Analysts are split over whether a strong response will halt slide for long
ON Wall Street, the adage goes that on trading days where Thursday is bad and Friday is bad, Monday is rarely good. After two positively terrible days to end last week, investors have had the weekend to worry about how much more they could lose and will be coming to work today primed to sell.
'That will likely be the case unless we get some strong statements from the ECB over the weekend clarifying how they're going to handle this crisis,' said Max Bublitz, chief market strategist at SCM Advisors.
On Saturday, French President Nicolas Sarkozy and his German counterpart, Chancellor Angela Merkel, jointly promised that the European Union would have a 'financial defence plan' in place by the time financial markets open Monday to protect the euro, support the EU's most troubled economies, and reassure investors frazzled by a tumultuous week that featured a harrowing plunge of nearly 1,000 points in the Dow Jones Industrials.
Investors will surely be holding them to that promise this week, with the stock market equivalent of all hell breaking out if the EU fails to convince the financial markets it is taking sufficient steps to backstop its beleaguered economies and keep the sovereign debt crisis causing such turmoil in Europe from sweeping through the globe, a la 1997's Asian contagion, which started with a run on the Thai baht and ultimately threatened economies worldwide.

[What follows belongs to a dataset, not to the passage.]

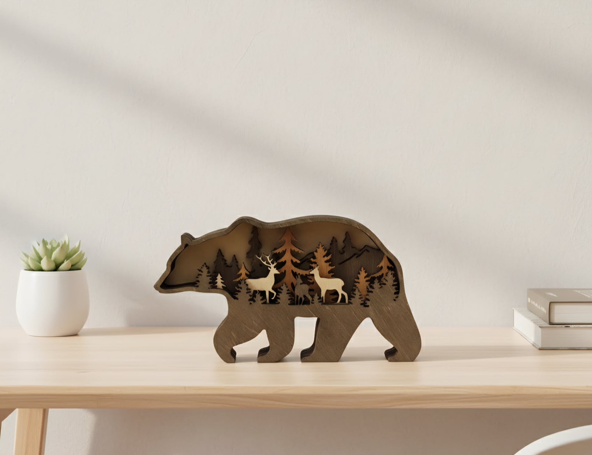 A beautiful, multi-layer carved wooden bear decoration featuring detailed forest animals (deer, elk, and moose). This unique North American wildlife craft is perfect for adding an artistic, rustic touch to your home décor, living room, or bedroom. A lovely, natural statement piece.

The rise of a new global credit crisis over the last week has all but guaranteed a strong response from the European Union, but the question is whether the measures being voted on by the finance ministers of all 27 of the European Union member countries in Brussels will be sufficient to convince the stock and bond markets that it is doing enough to get out in front of an economic crisis that has swelled far beyond Europe's borders.

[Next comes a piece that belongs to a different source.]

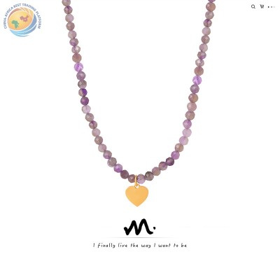 复古轻奢钛钢镀金爱心吊坠天然切面石手工串珠项链女

'The thing that really touched off this whole thing for me, and most professional investors I think, was the Trichet press conference, when he didn't even discuss quantitative easing,' said Nick Colas, chief market strategist at ConvergEx, referring to European Central Bank president Jean-Claude Trichet's refusal last Thursday to consider quantitative easing, or new liquidity measures to calm investor fears over the sovereign debt crisis.

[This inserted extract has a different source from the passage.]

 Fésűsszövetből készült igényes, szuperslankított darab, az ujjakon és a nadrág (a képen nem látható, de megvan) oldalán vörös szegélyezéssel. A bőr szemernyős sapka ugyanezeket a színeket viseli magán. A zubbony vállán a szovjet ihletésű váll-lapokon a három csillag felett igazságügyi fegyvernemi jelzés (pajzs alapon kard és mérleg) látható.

'It was just like when the House wouldn't pass Tarp the first time through Congress,' said Mr Colas.
Assuming the EU and its central bank do enact emergency measures to combat the crisis, Wall Street traders said it must be on the same level of response that the US government and Federal Reserve took back in October, 2008. 'Otherwise, the dominos will keep on falling,' said Joe Saluzzi, co-manager of trading at Themis Trading, LLC.
Even with a strong move from the eurozone's finance ministers and central bankers, Wall Street market pros are split over whether it will staunch the bleeding in the stock markets for long.
'If the ECB does the 'right thing', we're oversold in US equities and the euro, and there are buying opportunities,' said Mr Colas, a view echoed by Mr Bublitz.
'The crisis in Europe automatically adds another three months' worth of the Fed keeping interest rates at zero per cent, which has been the basis of the 14-month rally,' he said.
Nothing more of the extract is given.